Several studies initialize the agent population using survey data, often requiring the synthesis of several distinct data sources (Atkinson et al. 2018; Castillo-Carniglia et al. 2019; Fitzpatrick et al. 2016; Giabbanelli & Crutzen 2013; Keyes et al. 2019; Probst et al. 2020; Purshouse et al. 2014; Scott et al. 2016a; Scott et al. 2016b; Scott et al. 2017; Stankov et al. 2019; Vu et al. 2020b). A number of studies initialize the agent environment with data drawn from specific jurisdictions concerning the location of alcohol outlets (Castillo-Carniglia et al. 2019; Keyes et al. 2019; Redfern et al. 2017; Spicer et al. 2012; Stankov et al. 2019).

In terms of model parameter calibration, a number of studies make use of empirical target data (i.e., data that the ABM output can be compared to) to inform model parameters. In the related models by Castillo-Carniglia et al. (2019) and Keyes et al. (2019), model parameters are adjusted until model outputs (e.g., alcohol-related homicide rates) are similar to those of the target jurisdiction. These models also include a ‘burn in’ period of 110 time steps to allow for model outputs to stabilize, after which comparisons are made to static targets from a defined period (e.g., an estimate of the alcohol-related homicide rate in New York City in the early-to-mid 2000s). A similar approach is adopted by Perez et al. (2012), who run the model for 200 time steps and compare an average of the last five time steps to target data for a specific year.

While the above studies compare the equilibrium state of the ABM to static target data, other studies have attempted to reproduce dynamical trends in the target systems immediately following the defined initial conditions for the model (i.e., with no burn in). Stankov et al. (2019) compare model outputs to 5 year depression and alcohol misuse trends from survey data; Purshouse et al. (2014) compare to seven years of drinking frequency survey data; Probst et al. (2020) and Vu et al. (2020b) compare to six alcohol consumption targets for the 20 year period from 1979 to 1999. The latter study is notable as the only one of the 25 to calibrate the model structure (i.e., the agent rules) in addition to the model parameters.

Since calibration processes may overfit models to data (by capturing the noise in the data, in addition to the dynamics of interest), examining the performance of models over a separate validation data set is also regarded as good practice. This approach can also test other important assumptions for policy modeling, such as that the estimated model parameters are time-invariant (i.e., that the model estimates can be trusted outside of the immediate spatio-temporal context). Only two of the 25 models describe validation outcomes—a successful single year validation window in Purshouse et al. (2014) and an only partially successful 10 year validation window in Vu et al. (2020b). Systematic description of the calibration approach is also limited to just a few studies (Probst et al. 2020; Purshouse et al. 2014; Vu et al. 2020b).

Research gap

When considering the existing ABM studies of alcohol-related behaviors, there is a clear need for improved empirical embeddedness, not just in terms of parameter calibration, but also in terms of model structure selection and model validation. There also exists a need for a more systematic approach to empirical embedding. In the present study, we consider how iGSS can be used to address this research gap.

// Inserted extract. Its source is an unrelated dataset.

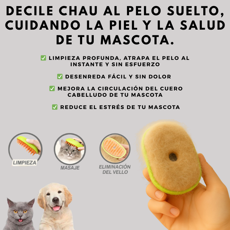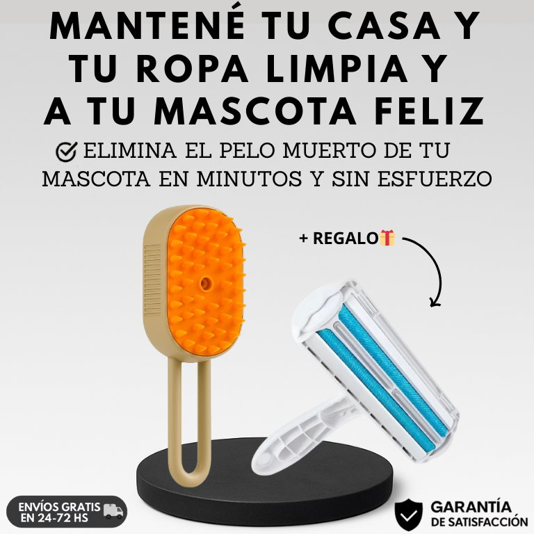 CEPILLO A VAPOR PARA MASCOTAS + RODILLO QUITA PELO

Alcohol Use Behaviors: Postulated Entities and Mechanisms

Model description

We use a computational model of drinking behaviors recently proposed by Buckley et al. (2022a). This model exploits the architecture developed by Vu et al. (2020b) that facilitates the application of iGSS methods (Vu et al. 2020a). The computational model is designed to be a modular mechanism that can be plugged in to broader dynamical models of alcohol use. We use a limited realization of the dynamics of the model in what follows. The agents in the model are individuals, and are assumed to be representative of adults in the US. Agent behaviors are typologized using five schema representing different daily drinking practices: abstaining, light drinking, moderate drinking, heavy drinking and very heavy drinking. While these schema are derived from an ordering based on number of drinks consumed, they are treated as unordered in the model.1 To introduce the cognitive processes that lead to the selection of a schema on a particular day by a particular individual, consider an example agent, Agent Alan. Our agent is endowed with two competing pathways: intentional action and habitual action. Agent Alan has an attribute, automaticity, that describes his tendency to follow the habitual rather than intentional pathway. Automaticity is defined continuously on the range \([0; 1]\), from always behaving intentionally to always behaving habitually, and varies between agents. In the present model, automaticity is a static attribute—it does not vary over time.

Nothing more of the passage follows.